Serupa  dengan  penjelasan  Al-Mujam Assy-Syamil  Limustholahat  Alfalsafah  karya  Dr,  Abdul  Munim  AL-Hifny, imam adalah yang memiliki kekuasaan tertinggi dalam agama dan dunia yang harus di ikuti oleh seluruh umat.[2]Al Mawardi memposisikan al- imamah sebagai pengganti tugas kenabian dalam menjaga dan memelihara masalah agama serta urusan keduniaan. At Tafazani mendefinisikan dengan pemimpin tertinggi negara yang bersifat universal dalam mengatur urusan agama dan keduniaan.
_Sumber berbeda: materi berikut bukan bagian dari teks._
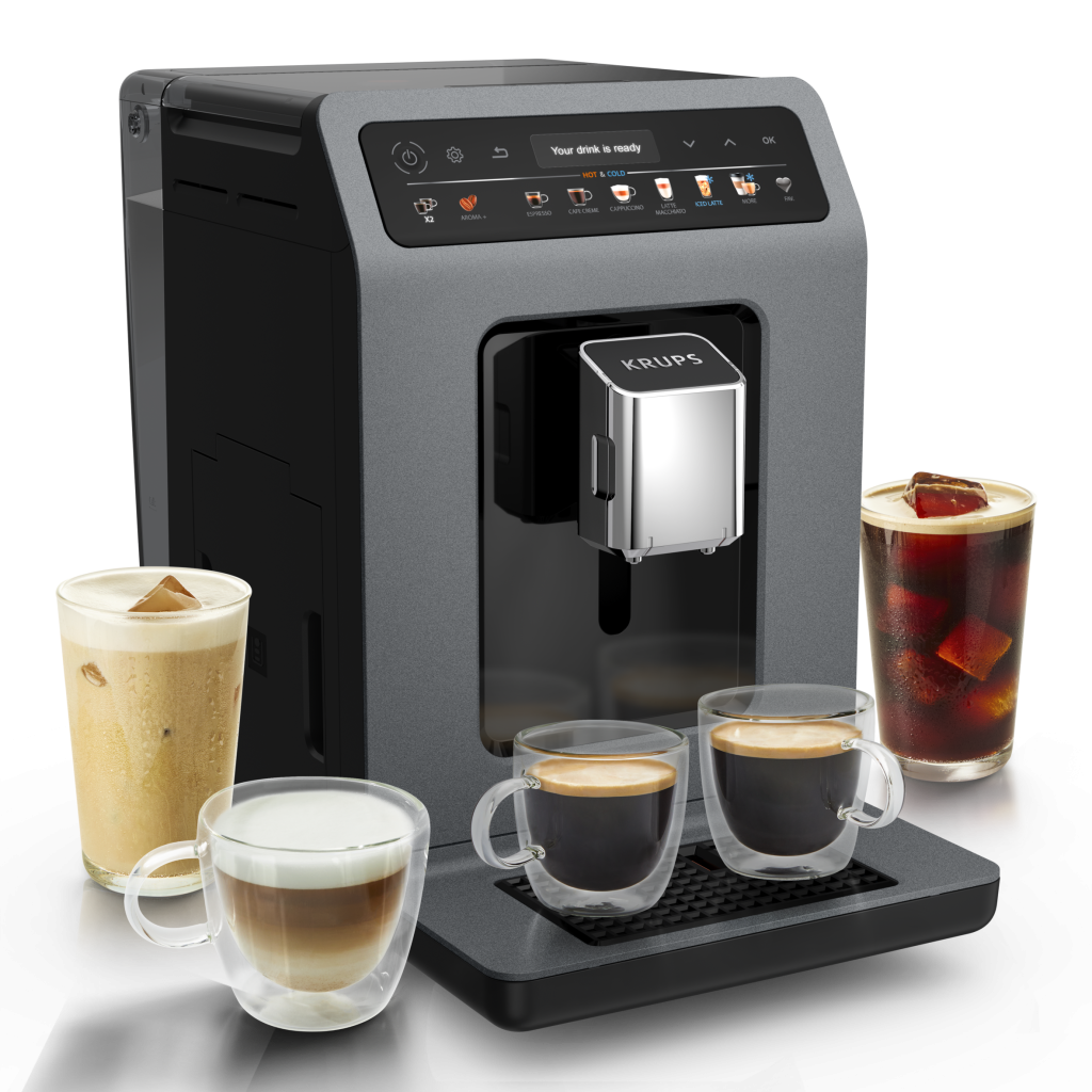 KRUPS Evidence Hot & Cold vam prinaša vrhunsko doživetje kave doma s 18 toplimi in hladnimi recepti, ki ponujajo neskončno raznolikost. Ta avtomatski espresso aparat pripravlja popoln espresso, kapučino ali hladne napitke, kot sta ledeni latte in ledena kava, z dotikom gumba – z edinstveno večstopenjsko Cold Brew aromo tehnologijo, ki zagotavlja polno ekstrakcijo okusa ter intuitiven vmesnik za vse vaše najljubše napitke, pripravljene do popolnosti, dan za dnem.
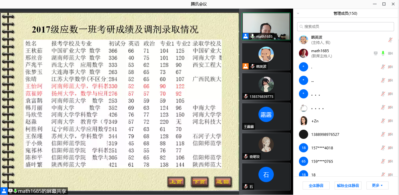 为了进一步提高公司2018级员工的考研热情,增强员工报考重点大学信心,了解更多考研信息,2021年9月13日15:00-17:00公司邀请张盛祝老师通过腾讯会议为大四员工做一场题为“考研经验与准备策略分析”线上辅导交流会。本次交流会由副经理韩英波主持。

Ibnu Khaldun mengatakan imamah adalah muatan seluruh komunitas manusia yang sesuai dengan pandangan syariat guna mencapai kemaslahatan mereka baik di dunia dan akhirat. Hal ini dikarenakan seluruh sistem kehidupan manusia dikembalikan pada pertimbangan dunia demi mendapatkan kemaslahatan akhirat. Dari beberapa definisi ini dapat disimpulkan bahwa Imamah adalah kekuasaan tertinggi dalam negara Islam yang bersifat menyeluruh dalam memelihara agama dan pengaturan sistem keduniaan dengan berasaskan syariat Islam dan pencapaian maslahat bagi umat di dunia dan akhirat(Nafi, 2010).[3]

Secara teknis, hampir tidak ada perbedaan antara khilafah dan imamah sebagai lembaga kepemimpinan. Namun dalam praktisnya, kata imamah tidak disandarkan pada proses suksesi  sebagaimana yang terjadi dalam proses khilafah yang sebetulnya lebih bernuansa sosial. Konsep imamah pada akhirnya lebih cenderung dipahami bersifat doktrinal. Hal ini ditandai dengan adanya berbagai persyaratan tertentu yang harus dimiliki seseorang untuk menduduki posisi imam.Meskipun memiliki tujuan yang sama yakni untuk menegakkan dan mengatur masalah-masalah masyarakat dan kesadaran akan kemestian adanya individu-individu yang memiliki kemampuan yang bekerja mengelolanya, namun konsep imamah adalah konsep yang meyakini bahwa seorang pemimpin adalah seseorang yang ditunjuk oleh Allah. Allamah Thabaththaba‟i memiliki pandangan bahwa seorang imam telah ditunjuk oleh Allah SWT. sepeninggal Rasulullah Saw., dengan tujuan untuk menegakkan budaya dan hukum-hukum agama dan membimbing umat di jalan kebenaran. Itulah sebabnya, konsep imamah lebih  banyak ditemui dalam literatur Syi‟ah. Dan, hal ini kemudian menyebabkan konsep imamah justru lebih banyak ditemui dalam  wilayah  kajian akidah, termasuk salah satu masalah Ilmu Kalam.[4] 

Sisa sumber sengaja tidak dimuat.